U onaj dan koji se desi na krovu a pokuæstvo njegovo u kuæi, neka ne silazi da ga uzme; i koji se desi u polju, tako neka se ne vraæa natrag.
32 Gedenkt aan de vrouw van Lot.
Opominjite se žene Lotove.
33 Wie zijn leven zal zoeken te behouden, die zal het verliezen, en wie het zal verliezen, die zal het bewaren.
Koji poðe da saèuva dušu svoju, izgubiæe je; a koji je izgubi, oživljeæe je.
34 Ik zeg ulieden: In dien nacht zullen er twee op één bed zijn; de een zal worden meegenomen en de andere achtergelaten.
Kažem vam: u onu noæ biæe dva na jednome odru, jedan æe se uzeti a drugi æe se ostaviti;
35 Twee zullen er samen aan het malen zijn; de eene zal worden meegenomen, maar de andere achtergelaten.

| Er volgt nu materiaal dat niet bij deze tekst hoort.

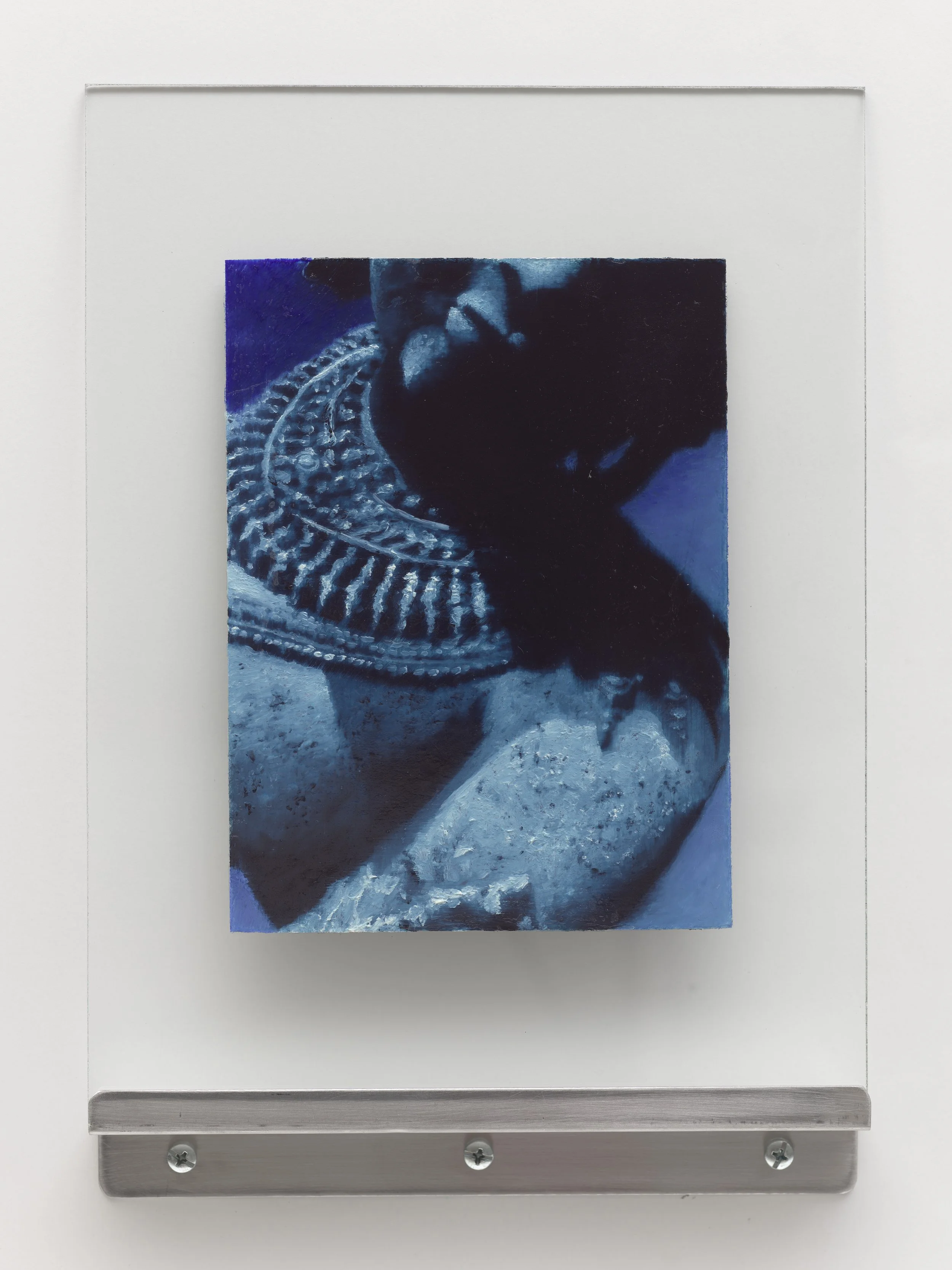 Hindi Head on a Head, oil on glass 9x12”, 2018

Dvije æe mljeti zajedno, jedna æe se uzeti a druga æe se ostaviti;
36 Twee zullen er op den akker zijn; de een zal worden meegenomen en de andere achtergelaten.
Dva æe biti na njivi, jedan æe se uzeti a drugi æe se ostaviti.
37 En zij antwoordden en zeiden tot Hem: Waar, Heere? En Hij zeide tot hen: Waar het lichaam is, daar zullen zich ook de arenden verzamelen.
I odgovarajuæi rekoše mu: gdje, Gospode? A on im reèe: gdje je strvina onamo æe se i orlovi skupiti.